**Aim of the task**
With the images removed, write out every line below exactly.

**Records shown**
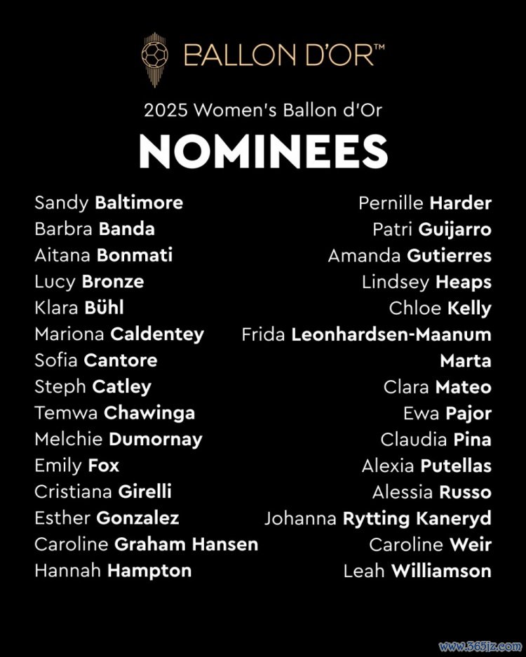 普特拉斯(巴萨/西班牙)、汉娜-汉普顿(切尔西/英格兰)、芭芭拉-班达(里昂/赞比亚)、艾米丽-福克斯(阿森纳/美国)、克拉拉-马特奥(巴黎FC/法国)
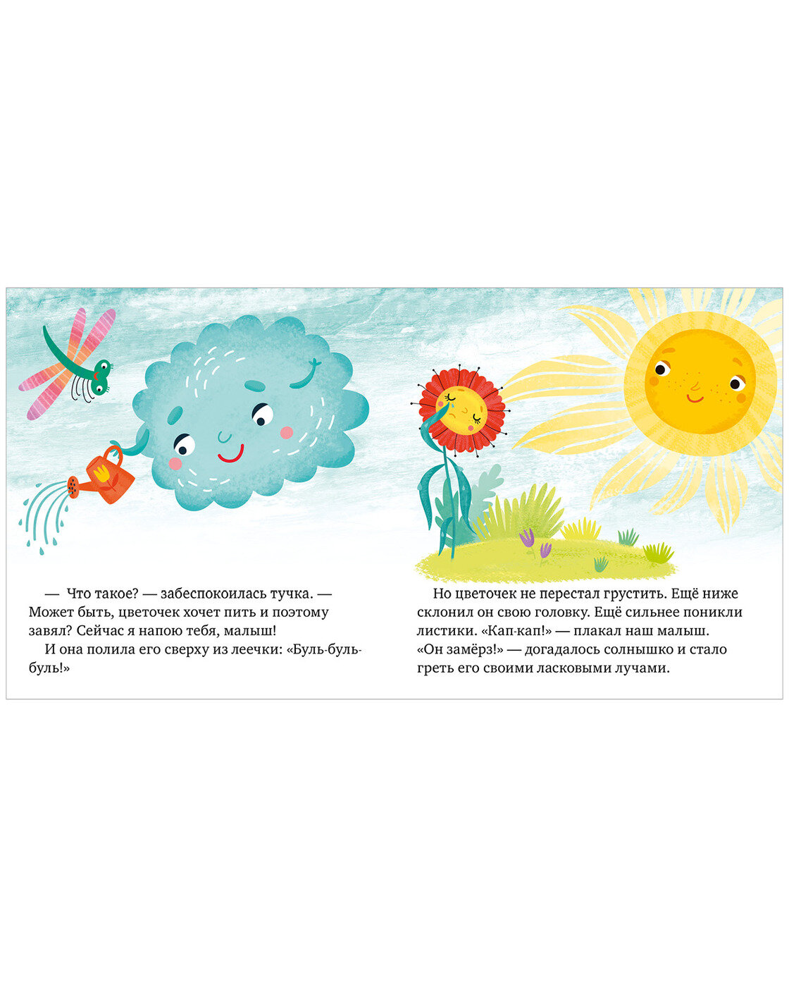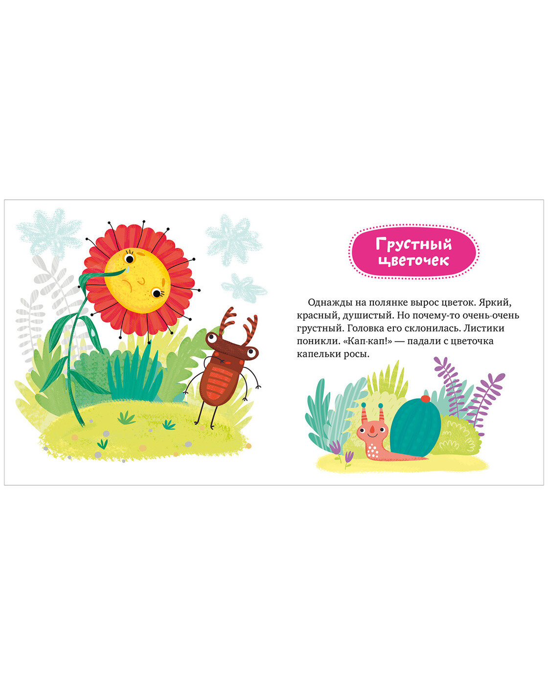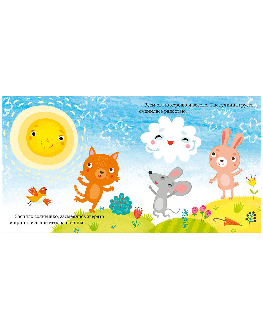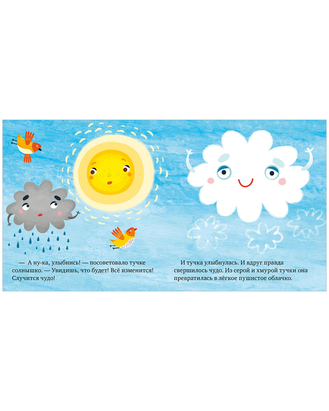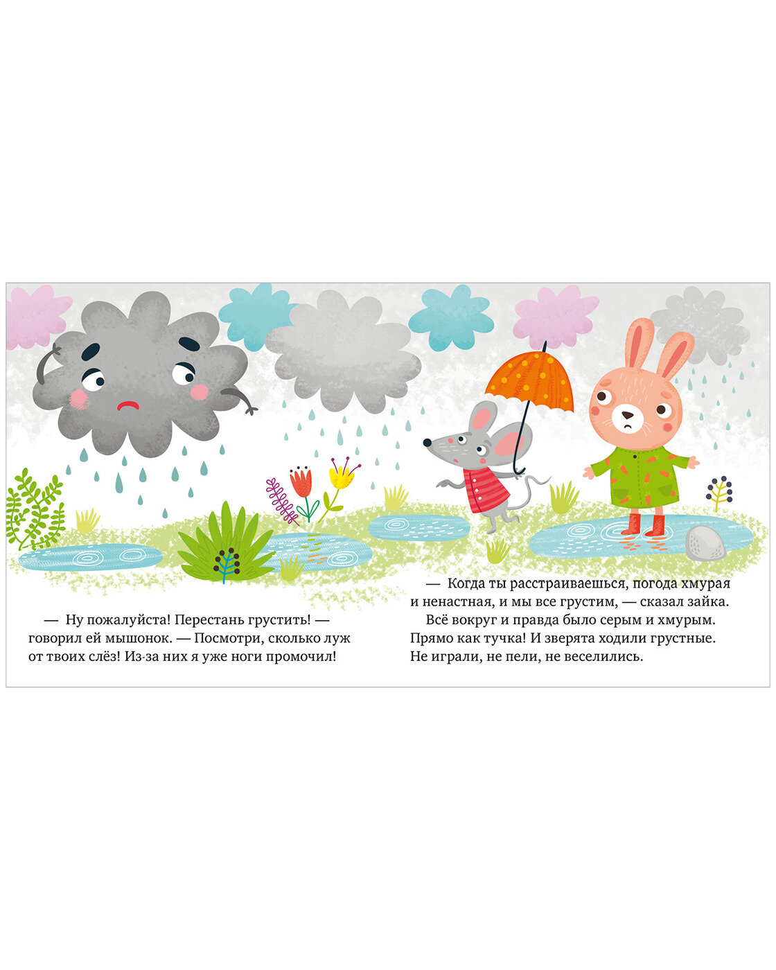 Из сказки о хмурой тучке малыш узнает, как его печаль может повлиять на окружающих и что, улыбнувшись, он может измениться сам и принести радость близким. А история о грустном цветочке расскажет о взаимопомощи и как не грустить из-за одиночества и найти друзей. В конце книжки для малыша приготовлены вопросы, отвечая на которые он не только играет, но и закрепляет пройденный материал.
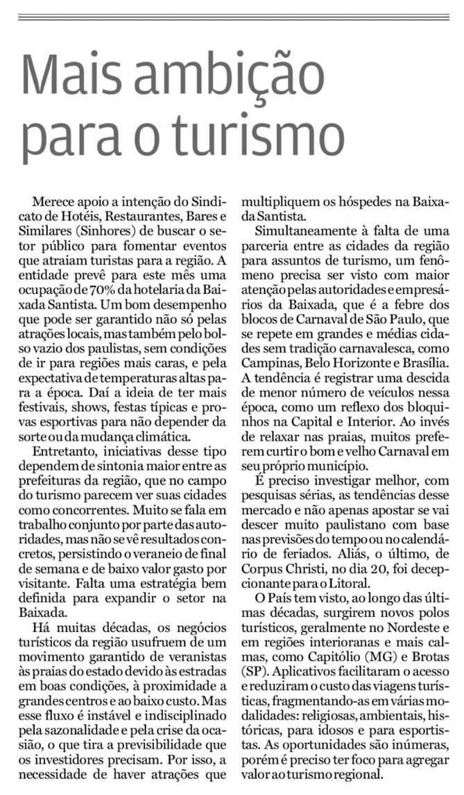 Jornal A Tribuna: Marketing, para alavancar o Turismo na Baixada Santista
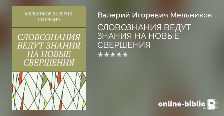 ВАЛЕРИЙ МЕЛЬНИКОВ, СЛОВОЗНАНИЯ ВЕДУТ ЗНАНИЯ НА НОВЫЕ СВЕРШЕНИЯ — скачать в fb2, txt, epub или pdf
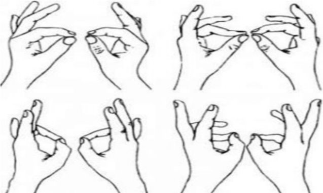 "Кільця" або "ланцюжки": Швидке перебирання пальців, утворюючи кільця з великого та інших пальців по черзі на обох руках.
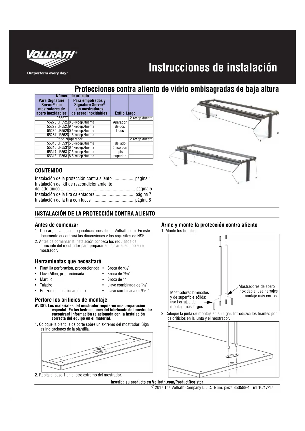 2017 The Vollrath Company L.L.C. Núm. pieza 350588-1 ml 10/17/17 Protecciones contra aliento de vidrio embisagradas de baja altura Inscriba su producto en Vollrath.com/ProductRegister CONTENIDO Instalación de la protección contra aliento .................. página 1 Instalación del kit de reacondicionamiento de lado único ............................................................... página 5 Instalación de la tira calentadora ................................. página 7 Instalación de la tira con luces .................................... página 8 INSTALACIÓN DE LA PROTECCIÓN CONTRA ALIENTO Antes de comenzar
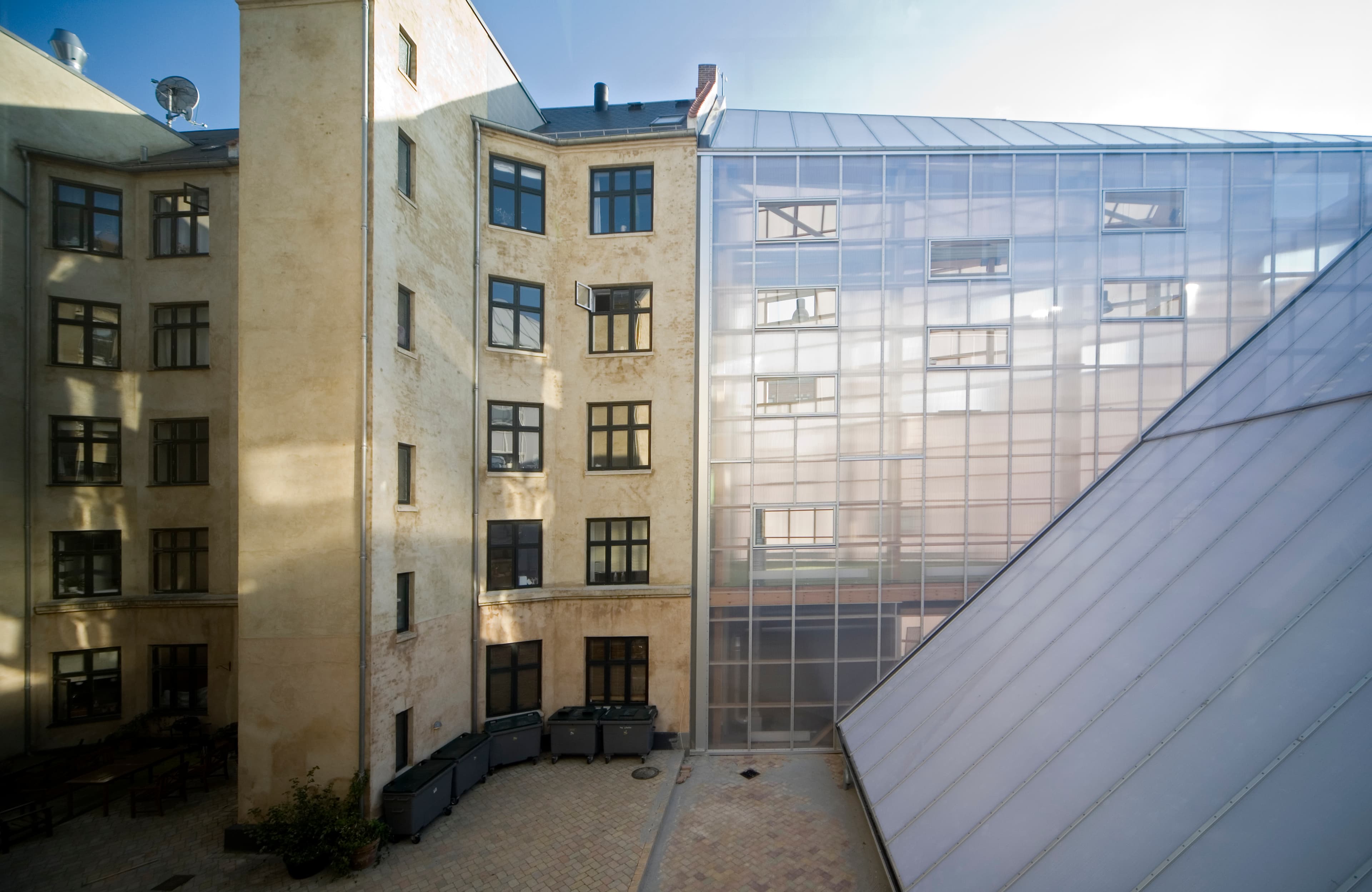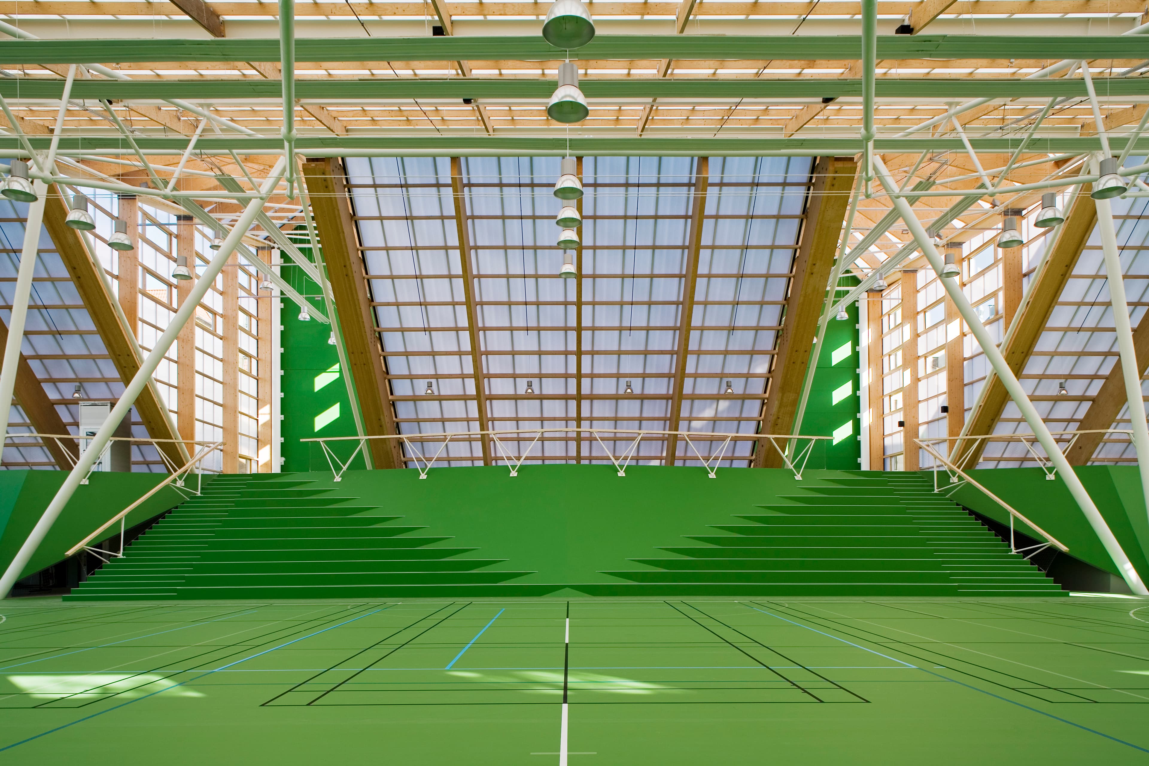Prismens markante lysegrønne indre får enhver til at standse op. Den store multihal er reelt tænkt som et udendørs rum med overdækning spændt ud over.

**Task solution**
 普特拉斯(巴萨/西班牙)、汉娜-汉普顿(切尔西/英格兰)、芭芭拉-班达(里昂/赞比亚)、艾米丽-福克斯(阿森纳/美国)、克拉拉-马特奥(巴黎FC/法国)
 Из сказки о хмурой тучке малыш узнает, как его печаль может повлиять на окружающих и что, улыбнувшись, он может измениться сам и принести радость близким. А история о грустном цветочке расскажет о взаимопомощи и как не грустить из-за одиночества и найти друзей. В конце книжки для малыша приготовлены вопросы, отвечая на которые он не только играет, но и закрепляет пройденный материал.
 Jornal A Tribuna: Marketing, para alavancar o Turismo na Baixada Santista
 ВАЛЕРИЙ МЕЛЬНИКОВ, СЛОВОЗНАНИЯ ВЕДУТ ЗНАНИЯ НА НОВЫЕ СВЕРШЕНИЯ — скачать в fb2, txt, epub или pdf
 "Кільця" або "ланцюжки": Швидке перебирання пальців, утворюючи кільця з великого та інших пальців по черзі на обох руках.
 2017 The Vollrath Company L.L.C. Núm. pieza 350588-1 ml 10/17/17 Protecciones contra aliento de vidrio embisagradas de baja altura Inscriba su producto en Vollrath.com/ProductRegister CONTENIDO Instalación de la protección contra aliento .................. página 1 Instalación del kit de reacondicionamiento de lado único ............................................................... página 5 Instalación de la tira calentadora ................................. página 7 Instalación de la tira con luces .................................... página 8 INSTALACIÓN DE LA PROTECCIÓN CONTRA ALIENTO Antes de comenzar
Prismens markante lysegrønne indre får enhver til at standse op. Den store multihal er reelt tænkt som et udendørs rum med overdækning spændt ud over.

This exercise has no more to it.